I won't talk about Paris because they are kind of thin-skinned. :lol:


----------



## Knitemplar (Aug 16, 2008)

/\/\ That's what happens when sports originated in another (western) culture are imposed upon a totally alien culture. 

But I am most curious to see how the deep 3-level understage of the Bird's Nest Stadium pitch now looks. Oh, I guess it will see some use come February 2022.


----------



## pesto (Jun 29, 2009)

I don't think it's western vs. non-western at all. The same problems occurred in Athens, Brazil and even major European cities.

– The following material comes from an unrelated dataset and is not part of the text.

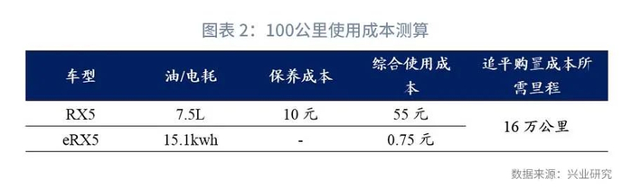 高频使用的纯电动汽车能够实现生命周期内综合成本低于燃油车。使用成本差别来自行驶成本及保养成本。以荣威RX5和ERX5为例,燃油版本(1.5T)油耗为[1]7.5L/100km;纯电版本电耗[2]15.1kwh/100km。按照95#汽油6元/L,电费0.5元/kwh计算,油车、纯电车每100km行驶成本分别45元和7.5元。同时,燃油车保养成本高于电动车,假定保养成本差为10元/100km,整体看纯电汽车使用成本较燃油车低47.5元/100km。照此计算,静态情况下追平8.75万元的购置价差需行驶超18万公里,即在8年的质保期[3]内每年需要行驶2.25万公里(日均行驶62公里)以上才能在全车生命周期内与燃油车持平。普通用汽车年平均行驶里程为1-2万公里之间,再考虑购置成本差额带来的资金占用成本及燃油车较高的残值,家用纯电汽车全生命周期平均综合成本略高于燃油车。但运营类车辆如出租、网约车等年均行驶里程在10万公里以上,1-2年就能够运营能够收回购置成本差,全生命周期能够实现一定的经济效益。
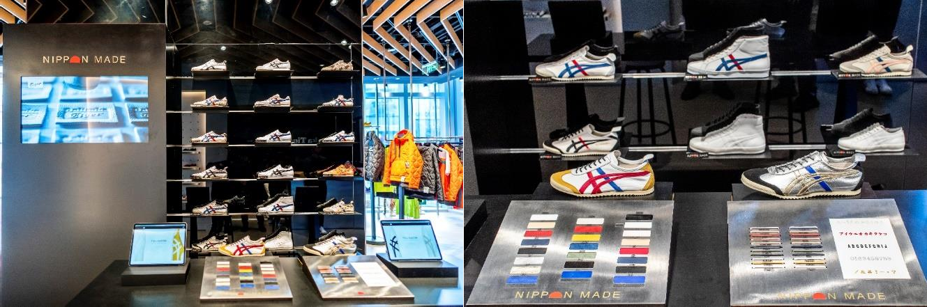 作为国内首家提供日本制手工系列「NIPPON MADE」服务的店铺,深圳万象天地旗舰店特别设立了「NIPPON MADE 」定制服务区域,传递日本纯粹的时尚态度。黑色镜面NIPPON MADE 鞋墙设计,道 具形式还原简单却不失格调,凸显日本高端手工制特点。该定制化服务的基本款是「MEXICO 66 DELUXE」,鞋面、Onitsuka Tiger 虎爪纹、内衬、鞋底、鞋带等各个位置都可实现定制化,此外也可以将英语、数字、符号等以刺绣的方式加入鞋的设计之中。顾客可根据个人喜好,定制属于自己的专属鞋 履。该定制鞋款的交货期为接受订单之日起 8 周左右。

The root cause is the desire of authoritarian leaders to show-off their power, and the power of construction and hospitality companies to manipulate democratic governments. A hint comes from the fact that opposition is generally grass-roots and focuses on wasteful spending of public money (SF, Boston, Hamburg, Rome, Budapest, etc.).


----------



## Knitemplar (Aug 16, 2008)

I think it is.

OK, Anglo-Saxon preferences over more global tastes.


----------



## pesto (Jun 29, 2009)

Knitemplar said:


> I think it is.
> 
> OK, Anglo-Saxon preferences over more global tastes.


London has had the problem of what to do with a major unnecessary Olympic stadium and other substantial expenses. I don't see the Anglo-Saxon issue there.

The real winners are those who already have economically viable stadiums, housing and other facilities in place and therefore treat the WC or Olympics as being in the normal course of renting out their facilities on a short-term basis. Minimal capital risk.


----------



## Knitemplar (Aug 16, 2008)

pesto said:


> London has had the problem of what to do with a major unnecessary Olympic stadium and other substantial expenses. I don't see the Anglo-Saxon issue there.
> 
> The real winners are those who already have economically viable stadiums, housing and other facilities in place and therefore treat the WC or Olympics as being in the normal course of renting out their facilities on a short-term basis. Minimal capital risk.


You don't get what I mean. 85% of the sports on the Olympic slate were developed and codified by peoples of northern Europe and North America (hence, most are of Anglo-Saxon origins) which benefit athletes of Anglo-Saxon (or Causasian) builds. Rowing, swimming, volleyball, most of Track & Field, etc., etc., were codified and put in the Olympic slate by people of northern European heritage -- hence, you have venues like the white-water rafting one in Beijing, beach volleyball venues in Athens, Beijing, etc., etc. -- venues which the sports where the Caucasians dominate but are NOT relevant to the local populaces to use. 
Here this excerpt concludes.